Я ее не удерживал, чтобы не напугать, лишь заметил вслед, что вряд ли мисс Бордеро упрятала бы такую вещь под замок. Владей она столь бесценным сокровищем, она бы им гордилась, повесила бы его на почетном месте в гостиной. А стало быть, никакого портрета у нее нет. Мисс Тина промолчала и стала подниматься по лестнице, держа свечу высоко перед собой. Но на третьей или четвертой ступеньке она вдруг остановилась и, круто повернувшись, устремила свой взгляд в полутемное пространство, где я стоял.
— Вы что ж, тоже пишете — пишете, да? — Голос ее срывался, она с трудом выговаривала слова.
— Пишу ли я? О, не будем касаться моих писаний вслед за разговором о том, что написано Асперном.
— Но вы пишете о нем, вы хотите выведать подробности его жизни?
— А вот это уж тетушкин вопрос, вы бы сами до этого не додумались, сказал я, придав легкий оттенок обиды своему тону.
— Что же, тем более вы должны ответить. Так это или не так?
Я считал себя готовым к любым измышлениям, которых от меня могут потребовать обстоятельства, но, когда дошло до дела, я понял свою ошибку. Кроме того, после всего, что уже было сказано, мне почему-то не захотелось лгать. Наконец, пусть это была призрачная, безрассудная надежда, но мне казалось, что, даже если я скажу правду, мисс Тина в конечном счете не лишит меня своего дружеского расположения. И, поколебавшись несколько секунд, я ответил: «Да, я пишу о нем и пытаюсь найти новые материалы. Умоляю, скажите, есть ли у вас что-нибудь?»
— Santo Dio!
[16] — воскликнула она вместо ответа и, бросившись вверх по лестнице, мгновенно исчезла из виду. Да, в конечном счете, может быть, я и вправе был надеяться на ее поддержку, но сейчас она явно находилась в полном смятении. Достаточно сказать, что она снова начала от меня прятаться, и целых две недели я напрасно ожидал ее по вечерам. Терпение мое истощилось, и я отдал садовнику приказ об отмене «цветочной подати».
VI
Но вот однажды под вечер, спустившись со своего верхнего этажа с намерением пойти прогуляться по городу, я застал мисс Тину в sala — впервые с тех пор, как я сделался обитателем дома. Она не пыталась делать вид, будто мы встретились ненароком; ее угловатой, непритворной застенчивости были чужды подобные уловки. Мне не пришлось гадать, не меня ли она дожидается, она сама сказала мне об этом, прибавив, что мисс Бордеро желает меня видеть и, если я никуда не спешу, она незамедлительно проводит меня к ней.
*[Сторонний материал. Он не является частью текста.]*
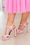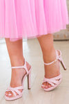 Say hello to your next go-to pair of heels! You are going to fall head over heels for these gorgeous one of a kind beauties. Featuring an ankle strap, cross-over toe straps, 4.5'' heel, gorgeous pink color that will go with anything! These will not last long so hurry and add to cart.

Даже торопись я на любовное свидание, я бы не задумался пренебречь им ради такого случая, и я сразу же ответил, что буду счастлив засвидетельствовать почтение своей благодетельнице. «Она хочет поговорить с вами — узнать вас получше», сказала мисс Тина с улыбкой, означавшей, что такое желание кажется ей вполне разумным, и мы вместе направились к апартаментам мисс Бордеро. У самых дверей, однако, я остановил свою провожатую жестом и, устремив на нее испытующий взгляд, сказал, что я крайне обрадован и польщен столь крутым поворотом в поведении ее тетушки, но хотел бы узнать, чем этот поворот вызван. Ведь совсем еще недавно меня и близко подпускать не хотели. Мисс Тину мой вопрос не смутил, у нее на все был готов неожиданный ответ, такой простой, ясный и всегда подходящий к случаю, что казалось, она только что его придумала; но самое удивительное заключалось в том, что она говорила чистую правду. «Ах, тетушка переменчива, — сказала она, — у нас такая скука — ей, верно, надоело».
— Но вы мне говорили, она все больше и больше предпочитает оставаться одна.
Бедная мисс Тина покраснела, словно не одобряя моей настойчивости.
— Я вам сказала, что тетушка хочет видеть вас, а там уж воля ваша верить или не верить! Наверно, у всех очень старых людей бывают свои капризы.
— Бы совершенно правы. Мне только хотелось бы выяснить одно: говорили ли вы ей о том, что узнали от меня в тот вечер в саду?
— А что я узнала?
— Про Джеффри Асперна — что я собираю материалы о нем.
— Если бы я сказала ей, разве она послала бы за вами?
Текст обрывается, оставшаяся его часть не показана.